Entries taken from a collection
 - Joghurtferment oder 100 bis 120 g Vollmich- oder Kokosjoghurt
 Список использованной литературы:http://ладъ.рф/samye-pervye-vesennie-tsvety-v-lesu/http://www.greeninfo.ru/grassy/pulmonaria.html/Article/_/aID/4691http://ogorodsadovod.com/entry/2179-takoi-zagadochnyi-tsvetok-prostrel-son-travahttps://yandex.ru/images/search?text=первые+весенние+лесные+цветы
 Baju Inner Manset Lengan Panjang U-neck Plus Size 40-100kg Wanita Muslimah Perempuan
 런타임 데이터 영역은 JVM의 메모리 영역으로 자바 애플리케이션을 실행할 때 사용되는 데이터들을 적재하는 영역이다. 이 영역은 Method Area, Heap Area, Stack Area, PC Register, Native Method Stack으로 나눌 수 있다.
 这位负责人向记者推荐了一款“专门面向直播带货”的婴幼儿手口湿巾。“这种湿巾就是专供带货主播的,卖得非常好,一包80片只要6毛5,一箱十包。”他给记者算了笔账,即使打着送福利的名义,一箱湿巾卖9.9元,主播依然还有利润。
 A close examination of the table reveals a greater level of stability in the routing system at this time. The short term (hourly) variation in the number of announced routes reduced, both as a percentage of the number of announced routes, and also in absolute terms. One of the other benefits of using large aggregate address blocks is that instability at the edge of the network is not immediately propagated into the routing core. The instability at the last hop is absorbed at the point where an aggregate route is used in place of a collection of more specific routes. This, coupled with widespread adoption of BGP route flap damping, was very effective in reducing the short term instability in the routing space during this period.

- [PROBLEM STATEMENT] Output the records exactly, so that each line matches what was given.

- [OUTPUT OF THE TASK]
 - Joghurtferment oder 100 bis 120 g Vollmich- oder Kokosjoghurt
 Список использованной литературы:http://ладъ.рф/samye-pervye-vesennie-tsvety-v-lesu/http://www.greeninfo.ru/grassy/pulmonaria.html/Article/_/aID/4691http://ogorodsadovod.com/entry/2179-takoi-zagadochnyi-tsvetok-prostrel-son-travahttps://yandex.ru/images/search?text=первые+весенние+лесные+цветы
 Baju Inner Manset Lengan Panjang U-neck Plus Size 40-100kg Wanita Muslimah Perempuan
 런타임 데이터 영역은 JVM의 메모리 영역으로 자바 애플리케이션을 실행할 때 사용되는 데이터들을 적재하는 영역이다. 이 영역은 Method Area, Heap Area, Stack Area, PC Register, Native Method Stack으로 나눌 수 있다.
 这位负责人向记者推荐了一款“专门面向直播带货”的婴幼儿手口湿巾。“这种湿巾就是专供带货主播的,卖得非常好,一包80片只要6毛5,一箱十包。”他给记者算了笔账,即使打着送福利的名义,一箱湿巾卖9.9元,主播依然还有利润。
 A close examination of the table reveals a greater level of stability in the routing system at this time. The short term (hourly) variation in the number of announced routes reduced, both as a percentage of the number of announced routes, and also in absolute terms. One of the other benefits of using large aggregate address blocks is that instability at the edge of the network is not immediately propagated into the routing core. The instability at the last hop is absorbed at the point where an aggregate route is used in place of a collection of more specific routes. This, coupled with widespread adoption of BGP route flap damping, was very effective in reducing the short term instability in the routing space during this period.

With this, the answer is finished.